I’m attempting to OCR a 532-page (129.6 MB) PDF scan of a book. The PDF is indexed (not imported) in my DT3 database.
After selecting Data > OCR > to Searchable PDF, the activity message at the bottom of the sidebar first briefly said “Adding Document,” then switched to “Loading Document.” There was no progress indicator, but Activity Monitor showed that DTOCRHelper was writing huge amounts of data to disk, about 18 GB in about 20 minutes.
At this point I had only 17 GB of free disk space left, so I clicked the X next to the “Loading Document” message (which I assumed was a Cancel button), assuming that would abort the OCR process. However, DTOCRHelper continued to run and write out additional data even after I quit DT3, until I finally killed the process in Activity Monitor.
I had to hunt for where this data was written to, because I didn’t get the space back when I killed the process. It was buried five folders down under the /private folder, in the ABBYY FineReader Engine folder, which contained a folder full of 468 folders, each ~46 MB in size. The ABBYY FineReader Engine folder disappeared following a reboot of my computer and I had my disk space available again.
(This was actually the second time I went through this process; the first time, I didn’t notice the disappearing disk space until I got a message in another app that my startup disk was full. Thinking this was a random glitch, I tried again after rebooting restored my disk space, watching Activity Monitor for trouble, with the same results.)

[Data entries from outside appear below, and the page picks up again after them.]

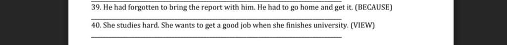- Vế trước chỉ nguyên nhân "anh ấy đã quên mang theo báo cáo", vế sau là kết quả của nguyên nhân được nêu ở vế trước "anh ấy phải về nhà và lấy nó" -> Dùng liên từ chỉ nguyên nhân - kết quả "because : vì"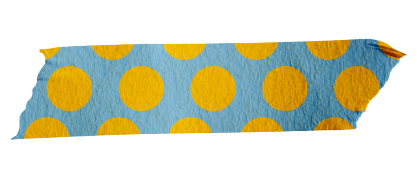 Ripped torn paper adhesive blue yellow dot pattern washi tape on transparent background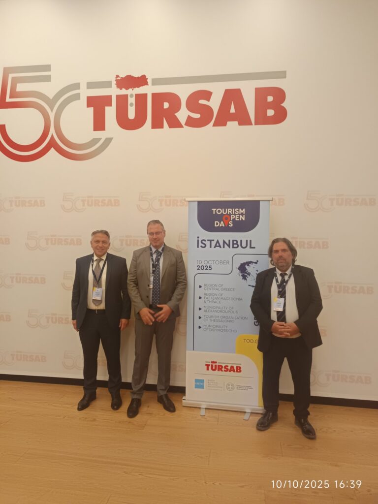 Στις 10 Οκτωβρίου, ο Αντιπεριφερειάρχης Τουρισμού κ. Παναγιώτης Αρχοντής, μαζί με την Ομάδα Τουρισμού της Περιφέρειας, συμμετείχαν στη ειδική τουριστική δράση B2B στην Κωνσταντινούπολη της Τουρκίας, στο πλαίσιο των ειδικών δράσεων «Tourism Open Days». Η δράση έλαβε χώρα στα κεντρικά γραφεία της TURSAB παρουσία του προέδρου της εταιρίας και του Έλληνα Γενικού Προξένου στην Κωνσταντινούπολη.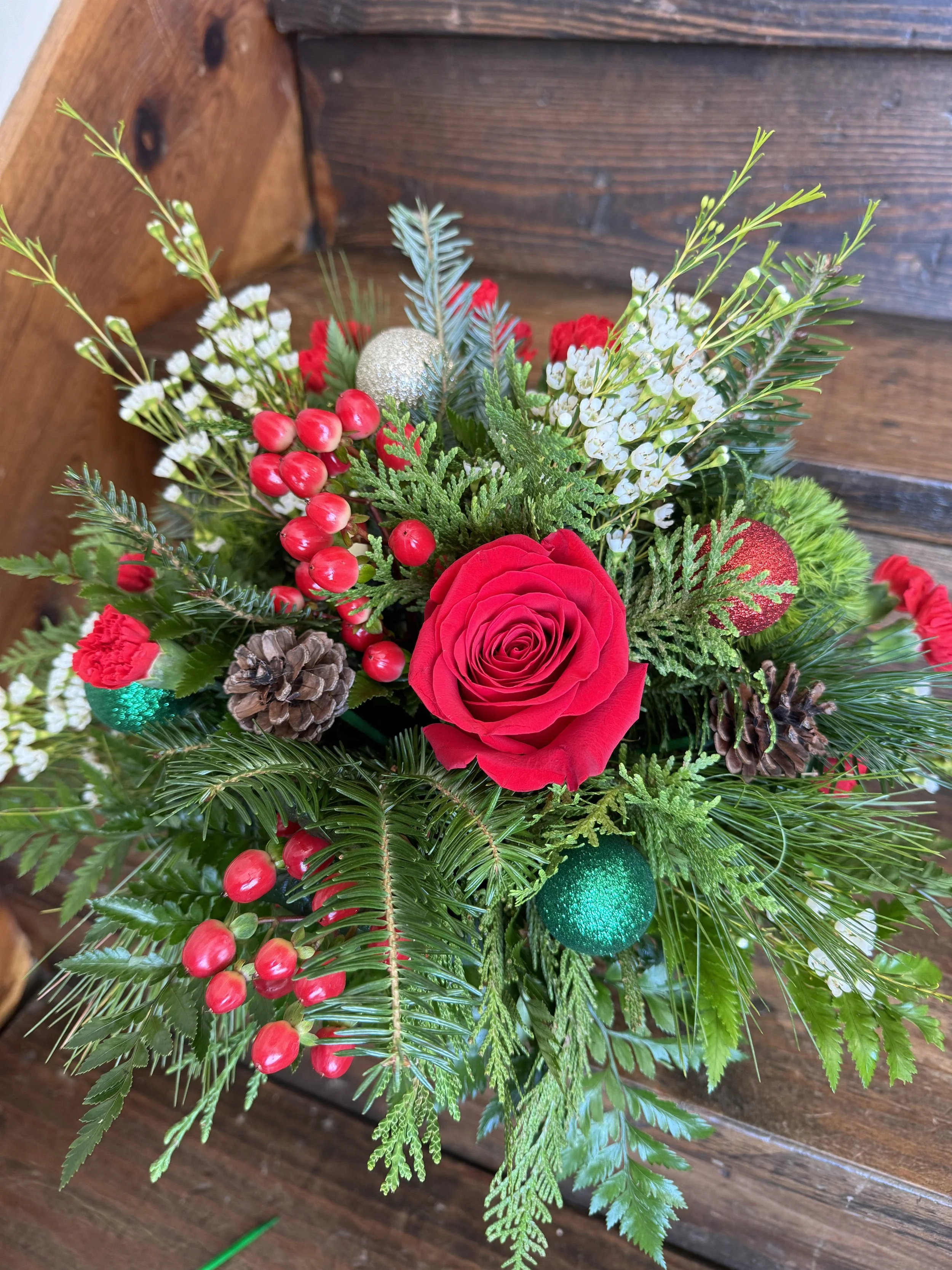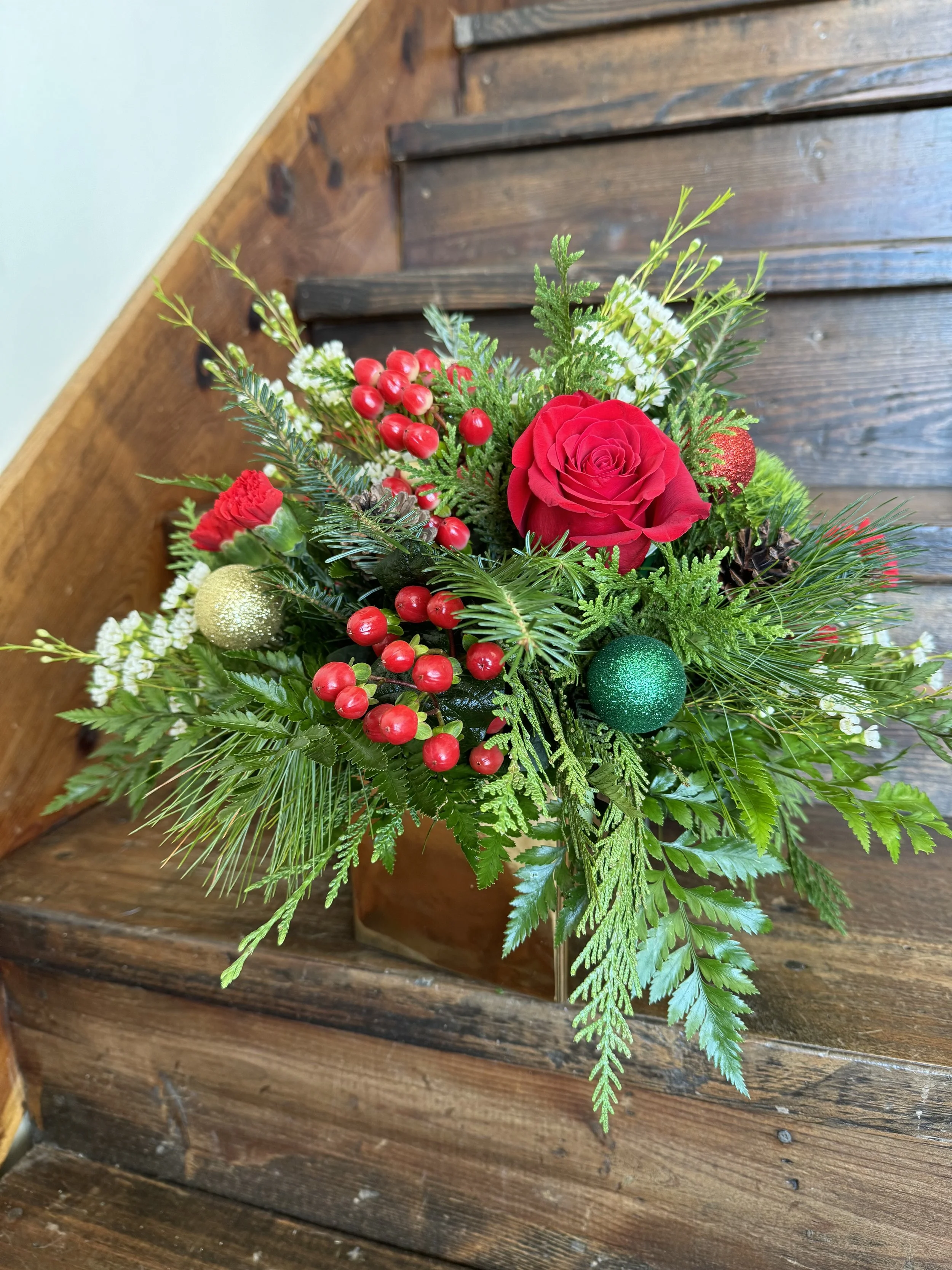 Have yourself a Merry Little Christmas with season flowers in a festive gold vase. Designed with blooms and ornaments in holiday red, green, and gold, this arrangement is the perfect way to wish your loved ones a Very Merry Christmas.

Is this normal behavior for the OCR engine? It doesn’t seem reasonable that over 20 GB of files (even if temporary) should be produced to OCR a 130 MB file. (I’m guessing that each 46 MB folder probably represents output from one page of the PDF.) If it is normal, then I think a warning in the manual, or in-program, about the potential disk space requirements would be in order.
Aside from that, it appears that the DTOCRHelper app simply ignored my attempt to abort the process by clicking the X. Seems like a bug. If the OCR engine is just not able to handle a PDF of this size, again I believe an explanation of the program’s limitations should be included in the manual.